# Springboard Data Science Career Track Unit 4 Challenge - Tier 3 Complete

## Objectives
Hey! Great job getting through those challenging DataCamp courses. You're learning a lot in a short span of time. 

In this notebook, you're going to apply the skills you've been learning, bridging the gap between the controlled environment of DataCamp and the *slightly* messier work that data scientists do with actual datasets!

Here’s the mystery we’re going to solve: ***which boroughs of London have seen the greatest increase in housing prices, on average, over the last two decades?***


A borough is just a fancy word for district. You may be familiar with the five boroughs of New York… well, there are 32 boroughs within Greater London [(here's some info for the curious)](https://en.wikipedia.org/wiki/London_boroughs). Some of them are more desirable areas to live in, and the data will reflect that with a greater rise in housing prices.

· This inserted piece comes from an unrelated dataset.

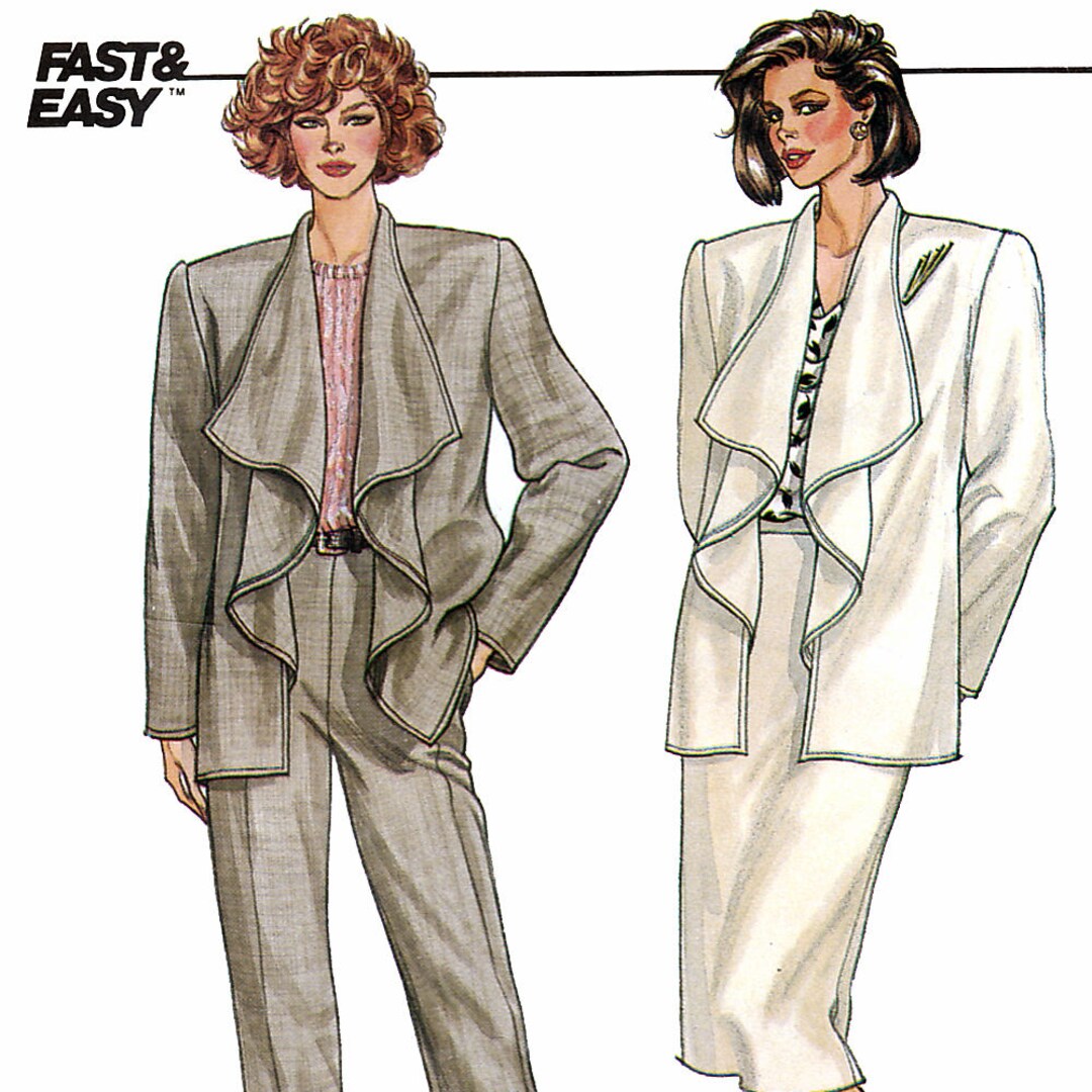 Loose-fitting lined jacket with purchased shoulder pads has front gathered into forward. This Is The New eBay. Butterick 3418 Sewing Pattern Making History Misses Skirt Size 182022.

***This is the Tier 3 notebook, which means it's not filled in at all: we'll just give you the skeleton of a project, the brief and the data. It's up to you to play around with it and see what you can find out! Good luck! If you struggle, feel free to look at easier tiers for help; but try to dip in and out of them, as the more independent work you do, the better it is for your learning!***

This challenge will make use of only what you learned in the following DataCamp courses: 
- Prework courses (Introduction to Python for Data Science, Intermediate Python for Data Science)
- Data Types for Data Science
- Python Data Science Toolbox (Part One) 
- pandas Foundations
- Manipulating DataFrames with pandas
- Merging DataFrames with pandas

Of the tools, techniques and concepts in the above DataCamp courses, this challenge should require the application of the following: 
- **pandas**
    - **data ingestion and inspection** (pandas Foundations, Module One) 
    - **exploratory data analysis** (pandas Foundations, Module Two)
    - **tidying and cleaning** (Manipulating DataFrames with pandas, Module Three) 
    - **transforming DataFrames** (Manipulating DataFrames with pandas, Module One)
    - **subsetting DataFrames with lists** (Manipulating DataFrames with pandas, Module One) 
    - **filtering DataFrames** (Manipulating DataFrames with pandas, Module One) 
    - **grouping data** (Manipulating DataFrames with pandas, Module Four) 
    - **melting data** (Manipulating DataFrames with pandas, Module Three) 
    - **advanced indexing** (Manipulating DataFrames with pandas, Module Four) 
- **matplotlib** (Intermediate Python for Data Science, Module One)
- **fundamental data types** (Data Types for Data Science, Module One) 
- **dictionaries** (Intermediate Python for Data Science, Module Two)
- **handling dates and times** (Data Types for Data Science, Module Four)
- **function definition** (Python Data Science Toolbox - Part One, Module One)
- **default arguments, variable length, and scope** (Python Data Science Toolbox - Part One, Module Two) 
- **lambda functions and error handling** (Python Data Science Toolbox - Part One, Module Four) 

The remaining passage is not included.